Application of statistical process control to the use of a peristaltic pump for batch production of hospital sterile injectable preparations.
4 October 2018Lucie Estrade1, Guillaume Bouguéon1,2, Aude Berroneau1, Sylvie Crauste-Manciet1,2 Pharmaceutical Technology Department, Bordeaux university hospital (CHU de Bordeaux), France
ARNA ChemBioPharm U1212 INSERM - UMR 5320 CNRS Bordeaux University, France
Statistical Process Control (SPC) is a defect prevention method conventionally used in industrial production that makes the production process more reliable and stable over time by maintaining the required level of quality. A process capability index is a measure relating the actual performance of a process to its specified performance. It’s calculated from a process characteristic.
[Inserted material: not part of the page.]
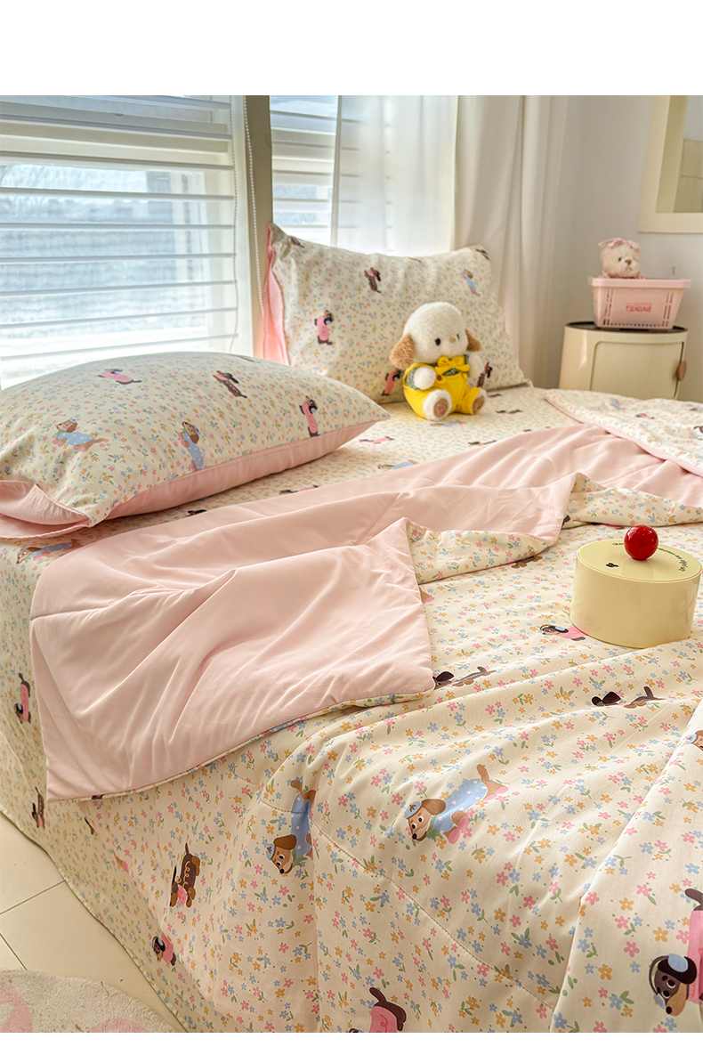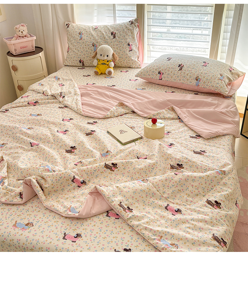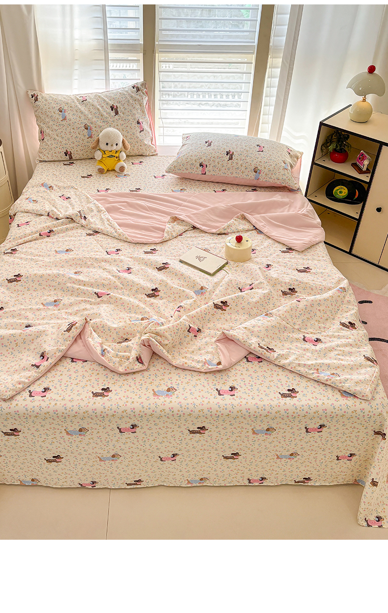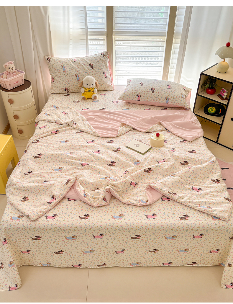 • 91家纺网 家纺一手货源 找家纺 雅居纺家纺 2026新款A版全棉B版凉感夏被夏凉被空调被 夏被 碎花腊肠狗
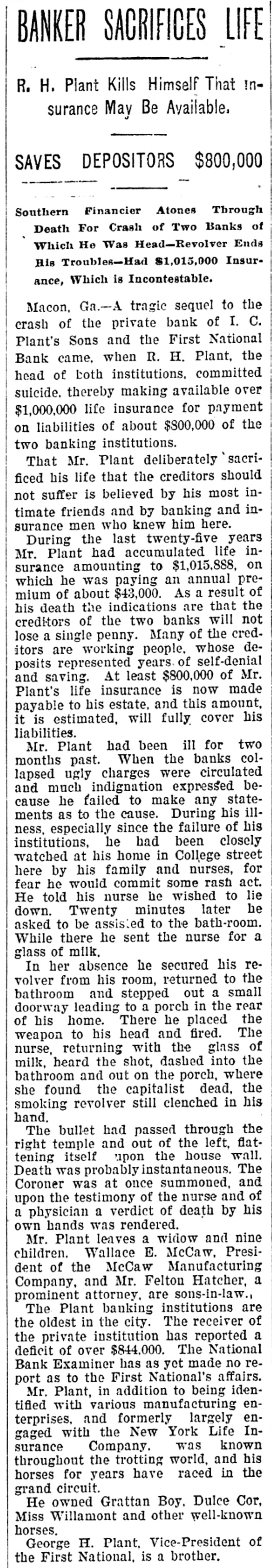 BANKER SACRIFICES LIFE R. H. Plant Kills Himself That Insurance May Be Available. SAVES DEPOSITORS $800,000 Southern Financier Atones Through Death For Crash of Two Banks of Which He Was Head-Revolver Ends His Troubles-Had $1,015,000 Insurance, Which is Incontestable. Macon. Ga.-A tragic sequel to the crash of the private bank of I. C. Plant's Sons and the First National Bank came, when R. H. Plant, the head of both institutions. committed suicide. thereby making available over $1,000,000 life insurance for payment on liabilities of about $800,000 of the two banking institutions. That Mr. Plant deliberately sacrificed his life that the creditors should not suffer is believed by his most intimate friends and by banking and insurance men who knew him here. During the last twenty-five years Mr. Plant had accumulated life insurance amounting to $1,015,888, on which he was paying an annual premium of about $43,000. As a result of his death the indications are that the creditors of the two banks will not lose a single penny. Many of the creditors are working people. whose deposits represented years of self-denial and saving. At least $800,000 of Mr. Plant's life insurance is now made payable to his estate. and this amount, it is estimated, will fully cover his liabilities. Mr. Plant had been ill for two months past. When the banks collapsed ugly charges were circulated and much indignation expressed because he failed to make any statements as to the cause. During his illness, especially since the failure of his institutions, he had been closely watched at his home in College street here by his family and nurses, for fear he would commit some rash act. He told his nurse he wished to lie down. Twenty minutes later he asked to be assisted to the bath-room. While there he sent the nurse for a glass of milk. In her absence he secured his revolver from his room, returned to the bathroom and stepped out a small doorway leading to a porch in the rear of his home. There he placed the weapon to his head and fired. The nurse, returning with the glass of milk, heard the shot, dashed into the bathroom and out on the porch, where she found the capitalist dead, the smoking revolver still clenched in his hand. The bullet had passed through the right temple and out of the left, flattening itself upon the house wall. Death was probably instantaneous. The Coroner was at once summoned, and upon the testimony of the nurse and of a physician a verdict of death by his own hands was rendered. Mr. Plant leaves a widow and nine children. Wallace E. McCaw, President of the McCaw Manufacturing Company, and Mr. Felton Hatcher, a prominent attorney. are sons-in-law., The Plant banking institutions are the oldest in the city. The receiver of the private institution has reported a deficit of over $844,000. The National Bank Examiner has as yet made no report as to the First National's affairs. Mr. Plant, in addition to being identifled with various manufacturing enterprises, and formerly largely engaged with the New York Life Insurance Company. was known throughout the trotting world, and his horses for years have raced in the grand circuit. He owned Grattan Boy. Dulce Cor, Miss Willamont and other well-known horses. George H. Plant, Vice-President of the First National, is a brother.

3 lots of hospital preparations were produced from a “mother preparation” divided using a qualified peristaltic pump (Vantage 3000, VERDER) into 45 preparations of 60 mL each. The net mass (mass full bag- mass empty bag) is the characteristic to monitor.
The 3 capability long term parameters of the masses obtained (Pp, PpK et PpM) correspond respectively to intrinsic index (comparison of total variation with tolerances), ‘potential capability’ (centering of process), and global capability (cost of no-quality) were determined.
If all three parameters are superior in 1.33, the level of confidence in the process capability is acceptable. Application inertial tolerancing (inertia) is an alternative to the traditional method, based on the value repartition around target (Cpi >1) used to estimate the cost of no-quality.
In parallel, control charts of individual values was subjected to a posteriori analysis.
The intrinsic capability (dispersion) were respectively 1.86, 2.28 and 1.55 for the batch 1, 2 and 3. Those figures were satisfying. As for the centering of process, results were respectively for the batch 1 and 3 (0.37 and 0.38) and insufficient for the batch 2 (1.15).
The global capability (dispersion and centering) is insufficient for all the lots (0.41, 0.65 or 0.43 for the lots 1 to 3). Only lot 2 has a good inertia (Cpi = 0,94) and hence has an “ideal” cost.
The reading of control charts allows to visualize the unsatisfactory centering of masses and so of the volumes with respect to the target and the deviation of the process characteristics at the time.
Also, no individual values are included in this interval [LCL*; UCL**] (Lot 1 [59.16; 61.02]; lot 2 [59.61 ; 60.57] ; lot 3 [59.24 ; 60.94])mg revealing the existence of special causes (loos of calibration for example…) responsible of the process variability .
* Lower Control Limit
** Upper Control Limit
According to classical reasoning, the percentage of volumes out of tolerance (accuracy [95-105]%) remains weak (Lot 1 : 13.3%, Lot 2 : 0%, Lot 3 : 10.6%) about 5 bags per lot, the pump would not need to make adjustments. However, capability and inertia analysis showed the need to adjust the pump by performing a new calibration for the 60 mL volume to ensure long-term process stability.
The application of the MSP is important in the monitoring of hospital production processes allowing anticipation of non-compliance and the realization of savings in human resources and unnecessary production costs (cost of no-quality).